Blimey. All of the marks for ours come from two high control previously unseen exam papers. We give no help at all. Perhaps we are doing our students a disservice...

whathasthecatdonenow · 24/08/2012 19:26

Ours is an investigation leading into an essay, followed by two source based ones. They get the question for the essay in advance and have to research, so that's where I say - think about this, maybe this would be good etc, but they have to do the work themselves beyond that. I don't mark anything. The sources they have for two weeks then have to do the question - I don't help with that as it is pure skills and they have been taught these before.

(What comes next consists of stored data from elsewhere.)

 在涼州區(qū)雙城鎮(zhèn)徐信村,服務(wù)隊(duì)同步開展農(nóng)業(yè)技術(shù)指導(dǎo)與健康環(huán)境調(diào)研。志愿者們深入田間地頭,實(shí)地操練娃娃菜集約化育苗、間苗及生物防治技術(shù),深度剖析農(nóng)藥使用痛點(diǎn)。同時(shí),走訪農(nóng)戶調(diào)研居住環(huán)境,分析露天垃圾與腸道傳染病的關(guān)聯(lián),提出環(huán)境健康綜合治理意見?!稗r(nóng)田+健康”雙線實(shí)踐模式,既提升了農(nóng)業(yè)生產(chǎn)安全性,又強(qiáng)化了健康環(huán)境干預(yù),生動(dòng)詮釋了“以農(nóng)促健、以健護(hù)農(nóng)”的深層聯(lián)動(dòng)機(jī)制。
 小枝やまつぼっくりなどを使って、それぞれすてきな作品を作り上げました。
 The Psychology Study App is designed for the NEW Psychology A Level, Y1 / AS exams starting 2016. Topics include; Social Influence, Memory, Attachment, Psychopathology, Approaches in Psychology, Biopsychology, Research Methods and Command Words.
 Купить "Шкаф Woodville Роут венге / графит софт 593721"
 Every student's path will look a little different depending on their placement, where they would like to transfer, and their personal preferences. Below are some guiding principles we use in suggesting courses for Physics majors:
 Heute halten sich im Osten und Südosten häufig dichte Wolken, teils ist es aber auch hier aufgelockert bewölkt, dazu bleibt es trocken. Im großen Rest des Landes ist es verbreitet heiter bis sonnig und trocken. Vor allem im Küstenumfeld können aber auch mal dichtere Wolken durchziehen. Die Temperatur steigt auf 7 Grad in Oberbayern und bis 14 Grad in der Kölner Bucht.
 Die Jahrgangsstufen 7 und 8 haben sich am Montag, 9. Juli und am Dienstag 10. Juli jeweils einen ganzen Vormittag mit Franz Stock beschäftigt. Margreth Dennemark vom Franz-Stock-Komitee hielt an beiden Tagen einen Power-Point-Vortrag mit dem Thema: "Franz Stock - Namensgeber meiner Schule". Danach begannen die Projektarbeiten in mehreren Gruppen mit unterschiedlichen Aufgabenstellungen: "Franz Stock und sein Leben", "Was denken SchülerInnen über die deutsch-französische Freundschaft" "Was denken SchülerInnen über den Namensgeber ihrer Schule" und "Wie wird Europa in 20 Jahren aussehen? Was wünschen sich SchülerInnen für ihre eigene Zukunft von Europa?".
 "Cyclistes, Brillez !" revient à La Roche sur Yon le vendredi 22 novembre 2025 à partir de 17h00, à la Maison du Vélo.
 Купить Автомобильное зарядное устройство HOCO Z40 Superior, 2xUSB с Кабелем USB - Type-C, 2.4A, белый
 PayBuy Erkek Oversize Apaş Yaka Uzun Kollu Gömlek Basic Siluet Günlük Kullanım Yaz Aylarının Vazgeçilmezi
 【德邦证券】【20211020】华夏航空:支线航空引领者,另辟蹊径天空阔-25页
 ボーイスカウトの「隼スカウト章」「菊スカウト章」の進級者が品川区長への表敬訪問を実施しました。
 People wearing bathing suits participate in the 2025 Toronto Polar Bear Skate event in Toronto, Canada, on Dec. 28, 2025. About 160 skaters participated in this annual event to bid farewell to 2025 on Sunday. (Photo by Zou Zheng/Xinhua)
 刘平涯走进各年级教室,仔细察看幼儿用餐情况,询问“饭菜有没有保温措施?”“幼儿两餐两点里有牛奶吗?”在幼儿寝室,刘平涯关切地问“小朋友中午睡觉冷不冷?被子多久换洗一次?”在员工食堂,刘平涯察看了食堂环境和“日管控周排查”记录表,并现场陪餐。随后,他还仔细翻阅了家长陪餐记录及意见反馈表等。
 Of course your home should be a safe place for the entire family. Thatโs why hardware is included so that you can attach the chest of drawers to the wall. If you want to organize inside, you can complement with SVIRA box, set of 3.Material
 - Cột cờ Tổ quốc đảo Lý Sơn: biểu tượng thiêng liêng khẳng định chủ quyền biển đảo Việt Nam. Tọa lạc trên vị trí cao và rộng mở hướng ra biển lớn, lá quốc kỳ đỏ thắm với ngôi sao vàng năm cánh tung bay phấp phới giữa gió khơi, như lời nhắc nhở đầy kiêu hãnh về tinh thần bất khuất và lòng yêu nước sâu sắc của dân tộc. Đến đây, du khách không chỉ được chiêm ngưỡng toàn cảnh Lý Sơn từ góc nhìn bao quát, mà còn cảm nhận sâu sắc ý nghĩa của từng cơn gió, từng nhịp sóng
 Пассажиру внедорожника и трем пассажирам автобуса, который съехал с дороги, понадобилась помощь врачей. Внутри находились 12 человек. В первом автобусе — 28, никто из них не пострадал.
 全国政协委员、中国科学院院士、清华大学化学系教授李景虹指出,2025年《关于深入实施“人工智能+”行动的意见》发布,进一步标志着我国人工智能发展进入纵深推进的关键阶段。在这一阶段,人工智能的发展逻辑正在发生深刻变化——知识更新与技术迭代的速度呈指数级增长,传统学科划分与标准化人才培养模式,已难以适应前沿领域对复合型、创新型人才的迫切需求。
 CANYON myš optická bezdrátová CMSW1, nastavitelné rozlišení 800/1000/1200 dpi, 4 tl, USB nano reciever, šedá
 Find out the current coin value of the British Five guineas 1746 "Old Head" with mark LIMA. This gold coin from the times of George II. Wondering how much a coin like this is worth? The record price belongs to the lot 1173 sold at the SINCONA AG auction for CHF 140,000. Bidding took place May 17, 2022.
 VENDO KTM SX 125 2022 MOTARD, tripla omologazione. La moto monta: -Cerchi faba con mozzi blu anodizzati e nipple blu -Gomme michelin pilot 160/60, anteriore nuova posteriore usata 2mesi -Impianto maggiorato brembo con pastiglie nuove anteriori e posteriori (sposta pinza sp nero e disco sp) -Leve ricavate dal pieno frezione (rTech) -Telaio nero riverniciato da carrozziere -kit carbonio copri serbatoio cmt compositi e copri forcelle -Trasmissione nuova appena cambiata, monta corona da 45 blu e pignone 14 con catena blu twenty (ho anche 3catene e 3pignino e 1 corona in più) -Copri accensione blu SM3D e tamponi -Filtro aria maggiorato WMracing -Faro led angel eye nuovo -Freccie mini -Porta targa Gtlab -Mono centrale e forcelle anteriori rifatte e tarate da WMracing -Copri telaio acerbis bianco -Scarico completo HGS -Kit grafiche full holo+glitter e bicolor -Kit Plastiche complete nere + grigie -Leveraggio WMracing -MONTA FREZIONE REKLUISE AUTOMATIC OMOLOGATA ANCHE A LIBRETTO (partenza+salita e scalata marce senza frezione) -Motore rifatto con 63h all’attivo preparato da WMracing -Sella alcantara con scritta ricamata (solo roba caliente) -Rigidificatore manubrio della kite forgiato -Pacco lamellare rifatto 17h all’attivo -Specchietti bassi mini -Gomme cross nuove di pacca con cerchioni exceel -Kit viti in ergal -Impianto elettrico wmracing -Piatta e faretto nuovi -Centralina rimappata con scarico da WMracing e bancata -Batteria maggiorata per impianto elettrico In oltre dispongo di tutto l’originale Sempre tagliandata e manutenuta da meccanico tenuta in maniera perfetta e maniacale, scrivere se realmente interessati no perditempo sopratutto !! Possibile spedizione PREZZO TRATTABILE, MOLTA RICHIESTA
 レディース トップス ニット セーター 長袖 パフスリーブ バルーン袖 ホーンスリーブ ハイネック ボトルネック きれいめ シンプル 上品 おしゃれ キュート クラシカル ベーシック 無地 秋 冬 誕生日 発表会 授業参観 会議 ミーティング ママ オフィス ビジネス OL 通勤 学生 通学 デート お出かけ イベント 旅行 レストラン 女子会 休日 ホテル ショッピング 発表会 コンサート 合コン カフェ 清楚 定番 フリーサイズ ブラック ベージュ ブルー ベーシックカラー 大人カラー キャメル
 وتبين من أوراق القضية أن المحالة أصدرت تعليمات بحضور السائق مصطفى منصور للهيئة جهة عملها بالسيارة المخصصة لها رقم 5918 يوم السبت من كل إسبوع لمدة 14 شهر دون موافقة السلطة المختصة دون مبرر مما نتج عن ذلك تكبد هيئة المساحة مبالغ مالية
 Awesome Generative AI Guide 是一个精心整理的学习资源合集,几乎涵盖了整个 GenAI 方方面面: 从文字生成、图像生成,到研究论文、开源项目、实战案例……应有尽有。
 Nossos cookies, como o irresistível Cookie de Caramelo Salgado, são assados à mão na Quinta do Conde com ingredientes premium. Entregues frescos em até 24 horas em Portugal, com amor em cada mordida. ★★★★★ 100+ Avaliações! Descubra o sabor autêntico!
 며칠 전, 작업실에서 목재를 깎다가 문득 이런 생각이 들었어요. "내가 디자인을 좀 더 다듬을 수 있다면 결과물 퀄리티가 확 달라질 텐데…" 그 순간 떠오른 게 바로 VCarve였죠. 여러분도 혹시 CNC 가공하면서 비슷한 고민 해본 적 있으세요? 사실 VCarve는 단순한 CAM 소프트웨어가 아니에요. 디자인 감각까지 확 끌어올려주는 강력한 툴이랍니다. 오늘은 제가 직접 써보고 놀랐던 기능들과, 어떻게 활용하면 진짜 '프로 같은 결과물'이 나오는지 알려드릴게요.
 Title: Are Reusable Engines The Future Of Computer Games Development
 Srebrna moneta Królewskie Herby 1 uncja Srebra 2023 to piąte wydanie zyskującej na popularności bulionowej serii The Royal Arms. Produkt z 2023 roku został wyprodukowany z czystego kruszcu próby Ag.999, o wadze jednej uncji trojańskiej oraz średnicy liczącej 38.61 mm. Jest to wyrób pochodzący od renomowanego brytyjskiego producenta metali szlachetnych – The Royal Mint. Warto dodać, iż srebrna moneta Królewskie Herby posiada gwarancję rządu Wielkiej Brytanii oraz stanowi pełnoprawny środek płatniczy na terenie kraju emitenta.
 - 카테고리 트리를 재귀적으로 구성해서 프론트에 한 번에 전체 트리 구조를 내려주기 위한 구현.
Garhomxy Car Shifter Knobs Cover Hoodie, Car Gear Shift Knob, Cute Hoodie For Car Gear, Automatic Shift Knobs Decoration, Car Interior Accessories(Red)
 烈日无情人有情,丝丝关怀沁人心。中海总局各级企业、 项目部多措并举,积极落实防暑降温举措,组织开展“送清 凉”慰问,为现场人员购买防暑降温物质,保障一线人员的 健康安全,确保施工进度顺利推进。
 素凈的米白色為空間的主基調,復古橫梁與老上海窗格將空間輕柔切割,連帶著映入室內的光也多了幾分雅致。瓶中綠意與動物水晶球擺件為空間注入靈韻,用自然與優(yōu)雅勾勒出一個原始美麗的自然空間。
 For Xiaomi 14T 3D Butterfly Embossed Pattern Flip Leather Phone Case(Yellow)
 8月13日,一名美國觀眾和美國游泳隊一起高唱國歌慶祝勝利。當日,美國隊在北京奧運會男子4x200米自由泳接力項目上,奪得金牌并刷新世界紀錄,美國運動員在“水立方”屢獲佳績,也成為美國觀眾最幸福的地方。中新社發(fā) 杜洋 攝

In our old Coursework days they used to write drafts and drafts of each answer, so I like the CA for less marking, but it doesn't pull them up as much as course work did.

noblegiraffe · 24/08/2012 19:33

Catwoo, did you ask your neighbour to improve it to A* standard? Perhaps it only got a B because that's the standard your boy is at and she didn't want to give undue help?

catwoo · 24/08/2012 19:37

She offered, did it and then said that it was A* standard .His own teacher said she thought it was too (she said she glanced through them before she sent them in) The school actually ended up having the whole year groups French written looked at again now I come to think of it (this was 2011 not this year)

whathasthecatdonenow · 24/08/2012 19:45

Controlled Assessment for MFL is marked in school then moderated, not just glanced at then sent off.

NovackNGood · 24/08/2012 21:42

elliepac Sorry to disagree with you but putting students into an exam with only the chance of achieving e f or g result seems pretty pointless. It surely would have been far better use of their time and the taxpayers money to educate them in an area they would actually learn something since whether you like it of not e f g is a fail and demonstrates little knowledge of history full stop.